Historic district in Iowa, United States

Old Town Historic District is a nationally recognized historic district located in Ames, Iowa, United States. It was listed on the National Register of Historic Places in 2004. At the time of its nomination it consisted of 249 resources, which included 191 contributing buildings, one contributing site, and 57 non-contributing buildings. The district is a residential area located north of the central business district. Between the two is a "civic corridor" made up of government buildings, churches and fraternal organizations. The earlier residences here were built of brick, but from about 1890 to 1910 they are all of wood construction. Brick reappears in 1910, but as a secondary building material. The houses are from one to two stories in height. They reflect the Late Victorian styles as well as the Colonial Revival styles of the early 20th century. The houses generally have a detached garage behind the house, facing an alley. The Prof. J.L. Budd, Sarah M., and Etta Budd House (1885) is individually listed on the National Register.

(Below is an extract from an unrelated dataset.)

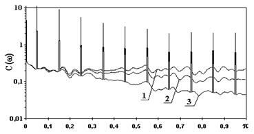 Модуль спектра основного полезного сигнала (в данном случае чистого меандра) представляет собой последовательность отдельных частотных гармоник по всему диапазону спектра. В спектре рандомизированного меандра эти частотные гармоники суммируются со спектром шума, статистически равномерно распределенным по всему частотному диапазону (спектр шума на рисунке для наглядности сглажен). СРД осуществляет подавление шумовых составляющих сигнала, практически не затрагивая частотных гармоник меандра и не изменяя их по амплитуде. Последнее можно видеть на рис. 11.3.11, где представлен отрезок спектра сигналов в высокочастотной части главного диапазона в области одной гармоники меандра (частотные составляющие шума не сглажены). При 3-х цикловом СРД высокочастотные составляющие шумов подавляются практически на порядок.

Most of the houses are single-family, but a few have been converted to multi-family dwellings. There are also nine apartment buildings and a condominium building located here. All date from the 1960s onward, and do not contribute to the historic nature of the district. They are generally two to three stories tall, but the tallest is five stories. They are large boxy buildings, except the most recent one (1997), which reflects the district's architectural heritage. First Church of Christ Scientist, a frame structure built in 1938, is also a contributing property in the district.